I should be putting them on some time before January


----------



## Ole1 (Jul 7, 2018)

msjulie: how do i use a tire pyrometer ? 
( i can search the web and find many opinions, but Id like to hear your's first ... )


----------



## Ole1 (Jul 7, 2018)

Big thanks to Mountainpass for providing us with instructions for installing front and rear brakes:

Front - https://www.mountainpassperformance.com/page-mill-bbk-install/

Rear - https://teslaownersonline.com/threads/diy-parking-brake-disassembly-rear-brake-pad-replacement.9049/

Yesterday I started my install of front and rear rotors and brake pads from RacingBrake.com for improved braking and brake cooling with stock 18" Aero wheels:


















Some tech notes about RacingBrake Rotor Technology: https://www.racingbrake.com/Articles.asp?ID=257

I will be posting a couple more pics of the rear rotor install in the Mountainpass rear brake install thread later today ....


----------



## msjulie (Feb 6, 2018)

@Ole1 I know what they do and why but coming up with the numbers still seems like a little magic to me - crew chief back in the day knew the 1990s spec VWs we raced so well he just knew what the starting pressure should be based on the air temp at the moment, the tires we were using, etc.
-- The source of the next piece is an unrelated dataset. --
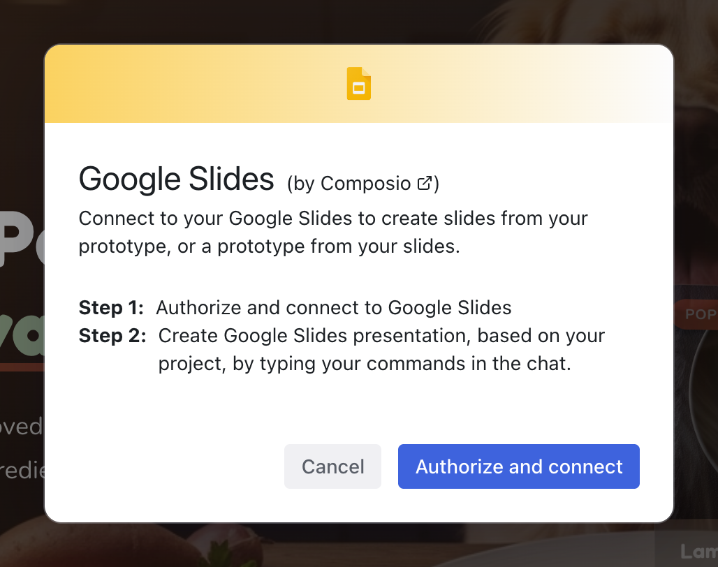 Connect a Google Slides account to reference presentation content or create new slides from your project. For example, reference a pitch deck for design direction, or generate a stakeholder update with screenshots and descriptions of what you've built.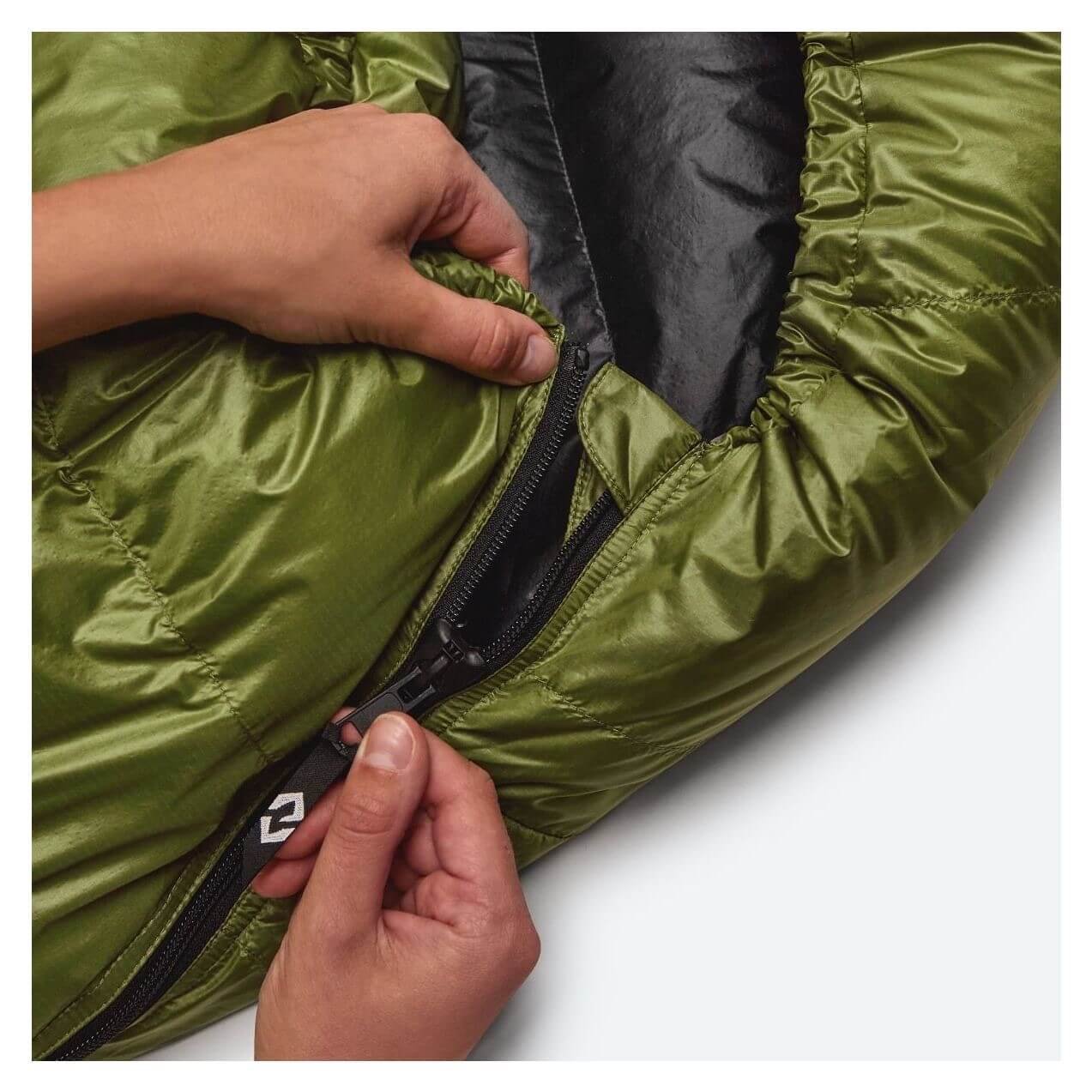 The advanced, trapezoidal design gives it a great advantage over the competition, which generally uses simple H-chamber structure with this mass of down. However, Lite Line 400 weighs less, because it is only 705 g, also thanks to excellent Pertex Quantum fabric, weighing 29 g/m², which is ultralight but downproof and nicely soft in touch. This sleeping bag is also suitable for use in light weather conditions and will keep you warm even in close-to-winter conditions weighing much less than 1 kilo.

I could make a reasonable guess as to starting pressures when a given day's starting weather felt like others I had driven but sometimes I was just off ( a pound or 2 made noticeable differences in those cars due to their suspension and tire setup )

This site, though, is pretty good : https://nasaspeed.news/tech/wheels-...cordingly-can-pay-dividends-on-the-racetrack/

Drive with HOD or another similar group as vendors have been known to show up and just help folks with those kinds of things.

Drive safe!


----------



## MountainPass (May 15, 2018)

Ole1 said:


> I will be posting a couple more pics of the rear rotor install in the Mountainpass rear brake install thread later today ....


That's quite alright, you don't _have _to advertise competitor's parts in our DIY post!


----------



## Guest (Jan 1, 2019)

Ole1 said:


> Big thanks to Mountainpass for providing us with instructions for installing front and rear brakes:
> 
> Front - https://www.mountainpassperformance.com/page-mill-bbk-install/
> 
> ...


looks like RB also offers an application for for the P3+. Any feedback after your install? More pics? Does the black zinc finish change colors after use? TIA


----------



## Ole1 (Jul 7, 2018)

per discussion about anti corrosion coating on RB website, black coating on rotors wears right off with pad break in or normal driving ....


----------



## Guest (Jan 2, 2019)

Yep read that was thinking of more real world impressions. Especially aftrer the pad have grabbed a number of times.


----------